Madica, a structured investment programme for pre-seed African startups, has announced fresh investments in two artificial intelligence (AI)-driven ventures, Tunisia’s Anavid and Morocco’s Hypeo AI, marking another milestone in its mission to bridge structural gaps in Africa’s startup ecosystem.
Each company will receive up to $200,000 in funding and gain entry into Madica’s 18-month accelerator programme, which offers tailored mentorship, executive coaching, international immersion trips, and access to a global investor network.
“At Madica, we believe and continue to prove that some of the world’s most transformative ideas come from places that are too often ignored,” said Emmanuel Adegboye, Head of Madica.
“The founders we’ve just welcomed are visionaries, building solutions with the power to uplift communities and shape industries.”
What Madica Is
Launched in 2022 and affiliated with Flourish Ventures, a global fintech-focused venture capital firm, Madica is a sector-agnostic investment programme designed to empower early-stage African startups that face deep-rooted structural challenges.
The initiative addresses barriers such as limited access to capital, insufficient mentorship, a scarcity of investors, and weak organizational support, problems that have historically stifled innovation across the continent.
Madica’s approach extends beyond capital injection. It provides hands-on support, helping founders build resilient business models capable of solving real social and economic problems.
Through its curriculum and coaching structure, the programme seeks to foster innovation, entrepreneurship, and wealth creation, bridging the gap between African ingenuity and global opportunity.
The New Investments
The new round of funding in Anavid and Hypeo AI brings Madica’s total portfolio to 10 startups, following four earlier investments made in February.
Each beneficiary receives up to $200,000 and enters an 18-month support programme that includes a customized curriculum, mentorship, and two fully-funded tech immersion trips, one within Africa and one abroad.
The programme is tailored to help startups refine their products, build strong management teams, and connect with Madica’s global network of investors.
This strategy is designed to make them more attractive to larger venture funds and to position them for long-term scalability in Africa’s competitive tech landscape.
The Startups Funded
Anavid, a Tunisian AI-powered solution, enhances existing retail surveillance systems by integrating with store cameras to reduce shoplifting losses and improve the overall customer experience.
Its technology reflects a growing wave of North African startups using AI to tackle real-world business inefficiencies.
On the other hand, Hypeo AI, based in Morocco, is a software-as-a-service (SaaS) platform that automates every stage of influencer marketing, from brand matching and content validation to payment management.

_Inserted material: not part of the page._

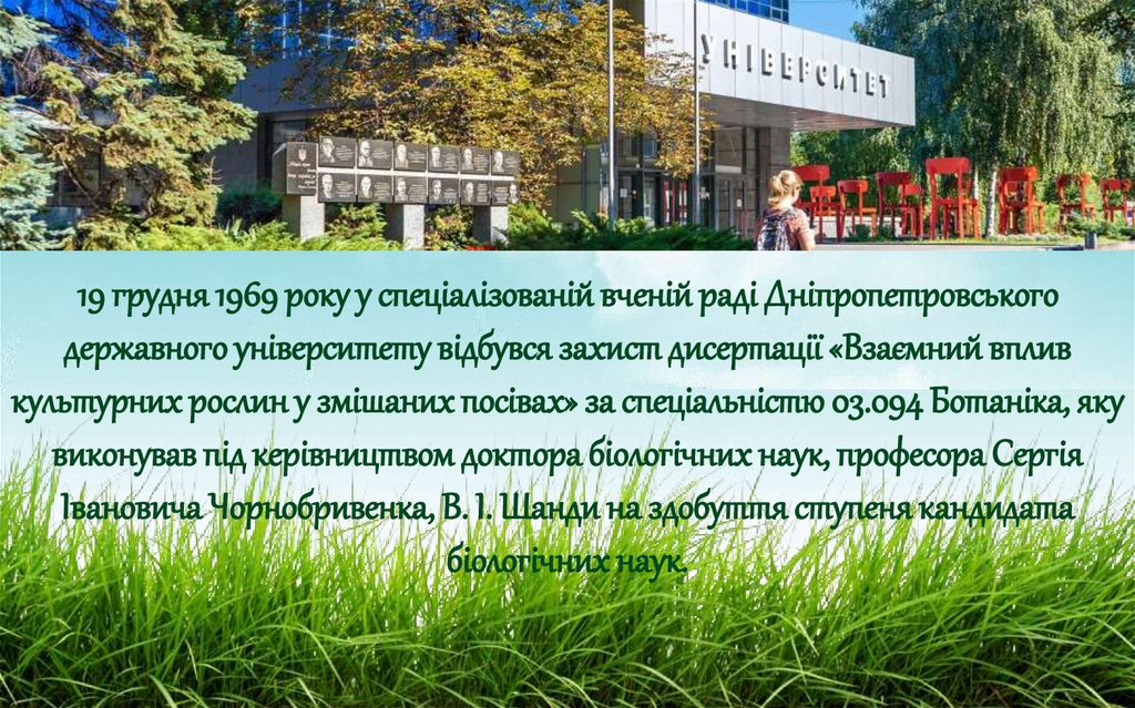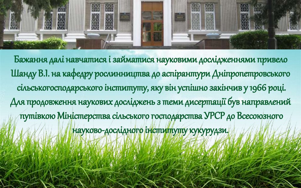 Бажання далі навчатися і займатися науковими дослідженнями привелоШанду В.І. на кафедру рослинництва до аспірантури Дніпропетровського

The platform aims to simplify how brands and creators connect, collaborate, and get paid, leveraging AI to replace the traditionally manual and time-consuming process.
“Our region is rapidly growing with creative energy, but without the right digital backbone, it often goes untapped,” said Meriam Bessa, Co-founder and CEO of Hypeo AI.

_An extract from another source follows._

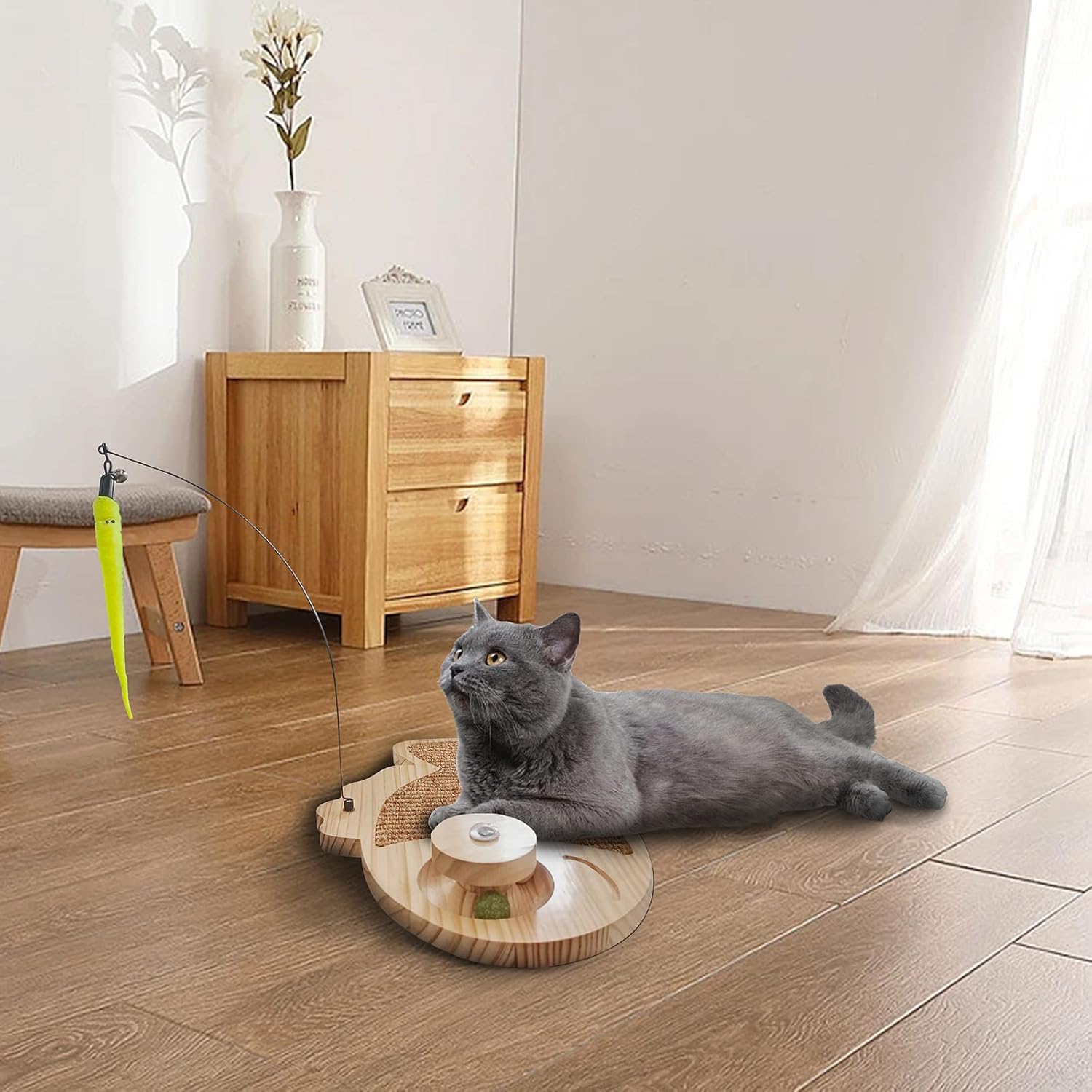 • Non-toxic & Safe & Durable – Fish shape design, the body is made of natural woven sisal and pine which is more durable and wear-resistant than corrugated board. The cat toy roller made by pine and catnip balls. Is environmentally and cat-friendly.

“We’re changing that by using AI to reimagine how brands and creators find each other, collaborate, and thrive. Backing by Madica will help us strengthen our AI capabilities to achieve this goal.”
A Bigger Collaboration: Madica and ABAN
Recently, Madica, with a move to expand investment flow and strengthen ecosystem connectivity, strategically partnered with the African Business Angel Network (ABAN) during the just concluded ABAN Congress in Lagos.

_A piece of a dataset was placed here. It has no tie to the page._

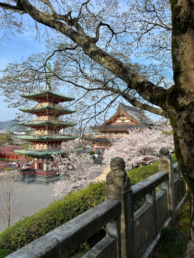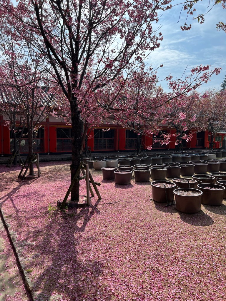 Outside of the cave there was a huuuuge statue and more Sakura and interesting parts of the temple to see.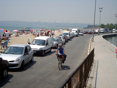 Falk war voraus und hat den Abzweig auf den Holperweg am Ostufer gar nicht für voll genommen. Übermotiviert war er schon den halben Berg wieder hoch, ist dann aber doch wieder umgedreht, als keiner nachkam. Die Holperpiste hatte den Vorteil, dass wir uns ohne Autoverkehr schon weit an die City annähern konnten. Wir waren allerdings auch arg überrascht, als ausgerechnet hier auf den letzten paar Kilometern einige Hunde auf uns losgingen. Falk hatte das Pfefferspray schon im Anschlag. Der Hirte hat seine drei durchtrainierten Viecher zum Glück noch rechtzeitig erfolgreich zurückgerufen. Nach einer Trink- und einer Eispause sowie einem kurzen Geburtstagsanruf in der Heimat wurde dann auch das Verkehrschaos an einer Autobahnauffahrt unbeschadet überstanden. Die Leute fahren hier schon sehr zügig, aber nicht wirklich aggressiv. Angehupt wird man dauernd, mal als freundlicher Gruß, mal als Warnung, mal als Aufforderung, sich schnell in Luft aufzulösen. Nach drei Tagen Türkei weiß man, das einfach zu ignorieren oder freundlich zu winken. |

The collaboration aims to connect angel investors, individuals who fund early-stage startups, with institutional capital to co-invest and share deal flow across Africa.
Through this partnership, ABAN-affiliated angels and Madica will explore joint funding opportunities for portfolio companies, ensuring that more startups gain access to local capital and long-term support.
“The future of Africa’s innovation economy depends on how effectively we can mobilize local capital and empower local investors,” said Yemi Keri, President of ABAN.
“Our collaboration with Madica helps bridge the gap between angel investors and institutional capital, ensuring that more funding comes from within the continent.”
Why This Matters for Africa’s Startup Ecosystem
Africa’s startup scene continues to show resilience and promise despite global funding slowdowns.
According to Partech Africa’s 2024 report, total startup funding on the continent reached $3.5 billion, with pre-seed and seed stages accounting for about 30% of total deal volume, underscoring the critical role of early-stage backers like Madica.
By focusing on the pre-seed level, Madica fills a gap often overlooked by large investors who prefer later-stage ventures.
Its commitment to both financial and non-financial support strengthens the continent’s innovation pipeline, ensuring that startups in less-represented regions gain visibility and growth opportunities.
Madica’s latest investments in Anavid and Hypeo AI reflect a growing confidence in AI-driven African solutions capable of solving local problems with global potential.
With strategic alliances like the one with ABAN, the programme is not only nurturing individual startups but also building a stronger, more self-sustaining African innovation ecosystem, one driven by homegrown capital, mentorship, and vision.